I. Photosensitive Sheet

A) Support:

Any of smooth transparent supports generally used for photographic materials can be used as the support of a photosensitive sheet which can be used in the present invention. Examples of such supports include a cellulose acetate film, a polystyrene film, a polyethylene terephthalate film , a polycarbonate film and so on. It is preferable for the support to be provided with a subbing layer. For preventing a light-piping phenomenon, it is desirable that the support contain a slight amount of dye or pigment such as titanium oxide.
The thickness of the support is in the range of 50 to 350 am, preferably 70 to 210 am, and particularly preferably 80 to 150 am.
On the back side of the support, a layer for adjusting curl balance or a layer impervious to oxygen as disclosed in JP-A-56-78833 can be provided, if needed.

B) Image-Receiving Layer:

A dye image-receiving layer which can be used in the present invention is a layer containing a mordant incorporated in a hydrophilic colloid. This layer may be a single layer, or it may have a multilayer structure such that various mordants differing in mordanting power are coated to form a multiple layer. The detail description thereof can be found in JP-A-61-252551. As for the mordant, a polymeric mordant is preferred.
The term "a polymeric mordant" as used herein is intended to include polymers containing secondary or tertiary amino groups, polymers containing nitrogen-containing heterocyclic moieties and polymers containing quaternary cations.
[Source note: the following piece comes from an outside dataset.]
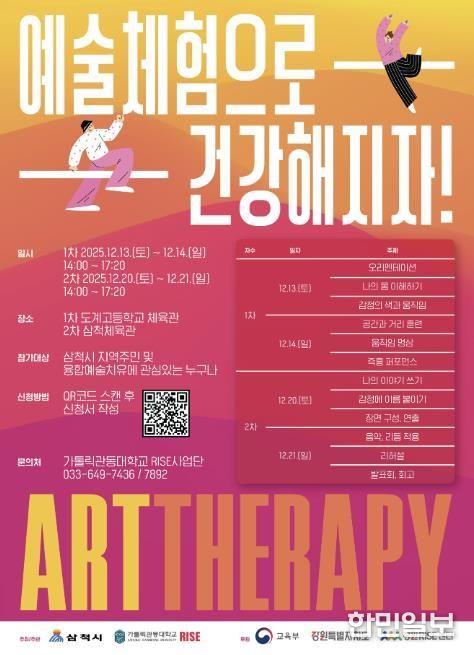한민일보 서울포커스 임경복 기자 | 삼척시는 가톨릭관동대학교 RISE 사업단과 협력하여 지역 자연자원을 활용한 ‘융합예술치유 프로그램’을 오는 12월 도계고등학교 체육관과 삼척체육관에서 개최한다.

It is preferable for these polymers to have a molecular weight of at least 5,000, particularly at least 10,000.
The amount of a mordant coated is generally in the range of 0.5 to 10 g/m², preferably 1.0 to 5.0 g/m², and particularly preferably 2 to 4 g/m².
As for the hydrophilic colloid which can be used in the image-receiving layer, gelatin, polyvinyl alcohol, polyacrylamide, polyvinyl pyrrolidone and the like are examples thereof. In particular, gelatin is preferred.
In the image-receiving layer, the discoloration inhibitors disclosed in JP-A-62-30620, JP-A-62-30621 and JP-A-62-215272 can be incorporated.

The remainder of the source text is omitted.